Claude Terrell

No. 75
- Position: Offensive guard

Personal information
- Born: April 20, 1982 (age 43) Texas City, Texas, U.S.
- Listed height: 6 ft 2 in (1.88 m)
- Listed weight: 330 lb (150 kg)

Career information
- High school: La Marque (La Marque, Texas)
- College: New Mexico
- NFL draft: 2005: 4th round, 134th overall pick

Career history
- St. Louis Rams (2005–2007); Duke City Gladiators (2016);

Awards and highlights
- Third-team All-American (2003); 2× First-team All-MW (2003, 2004); Second-team All-MW (2002);

Career NFL statistics
- Games played: 20
- Games started: 13
- Stats at Pro Football Reference

= Claude Terrell =

American football player (born 1982)

Claude Edward Terrell (born April 20, 1982) is an American former professional football player who was an offensive guard for the St. Louis Rams in the National Football League (NFL). He played college football for the New Mexico Lobos. Terrell was released by the Rams on October 23, 2007, after being arrested for assaulting his wife. Terrell was already on probation after a previous arrest for assault on a family member. On February 17, 2011, Terrell was accused of beating and raping a Texas City woman at gunpoint during a seven-hour ordeal.

==Early life==
Terrell is a 2000 graduate of La Marque High School in Texas. He was a three-year letterman and a two-year starter for and an All-state and All-district selection his senior year. He was also named the team's most valuable player.

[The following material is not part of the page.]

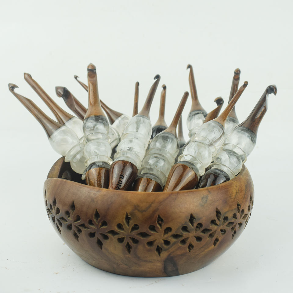 Nombre del producto:Juego de ganchos de ganchillo hechos a mano de madera de 15 con tazón de hilo de Sheesham

He was also All-State and All-American in basketball where he was a four-year letterman and he also lettered in track.

==College career==
Terrell attended the University of New Mexico, where he played four seasons the Lobos, while red-shirting his first year. In 2004 Terrell was arguably the Mountain West Conference's best lineman, playing the tackle for the first time. He was a First-team All-Mountain West Conference selection in 2004 for the second consecutive season. As a junior in 2003 Terrell was a First-team All-MWC selection who notched 125 knockdown blocks during the regular season and starting all 13 games at strong guard.

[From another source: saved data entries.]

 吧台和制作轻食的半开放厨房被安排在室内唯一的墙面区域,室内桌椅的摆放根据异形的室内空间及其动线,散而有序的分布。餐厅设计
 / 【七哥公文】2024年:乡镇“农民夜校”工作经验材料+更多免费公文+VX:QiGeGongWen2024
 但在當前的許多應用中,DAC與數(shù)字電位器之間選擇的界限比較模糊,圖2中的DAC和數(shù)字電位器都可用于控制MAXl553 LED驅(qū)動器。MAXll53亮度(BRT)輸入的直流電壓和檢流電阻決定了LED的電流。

In 2002 as a sophomore he was a Second-team All-Mountain West Conference selection and was named Outstanding Offensive Lineman by his teammates at the UNM . He started all 14 games and played all but 7 offensive snaps on the season and was third on the team with 139 knockdown blocks. In 2001 as a redshirt freshman he started 10 of 11 games and played 757 of 848 offensive snaps.. He played the entire game 7 times and had 86 knockdown blocks tied for 3rd on the team.

==Professional career==
===Pre-draft===

Terrell was charged in 2004 with misdemeanor assault, which possibly harmed his draft status.

Pre-draft measurables
| Height | Weight | Arm length | Hand span | 40-yard dash | 10-yard split | 20-yard split | 20-yard shuttle | Three-cone drill | Vertical jump | Broad jump | Bench press |
| 6 ft 2+1⁄4 in (1.89 m) | 343 lb (156 kg) | 31+3⁄8 in (0.80 m) | 9+1⁄4 in (0.23 m) | 5.26 s | 1.89 s | 3.13 s | 4.81 s | 8.19 s | 24.5 in (0.62 m) | 7 ft 10 in (2.39 m) | 27 reps |
All values from NFL Combine/Pro Day

===St. Louis Rams===
Terrell was selected in the fourth round with the 134th overall pick by the St. Louis Rams in the 2005 NFL draft. In 2005, as a rookie, he played in 14 games with 10 starts at guard. He did not play at all in 2006. He was put on injured reserve on August 28, 2006, with a wrist injury. He returned and played 6 games in 2007 with three starts. Terrell was cut by the Rams in 2007 after being charged with assaulting his then-wife.

===Duke City Gladiators===
On November 3, 2015, Terrell signed with the Duke City Gladiators of Champions Indoor Football (CIF).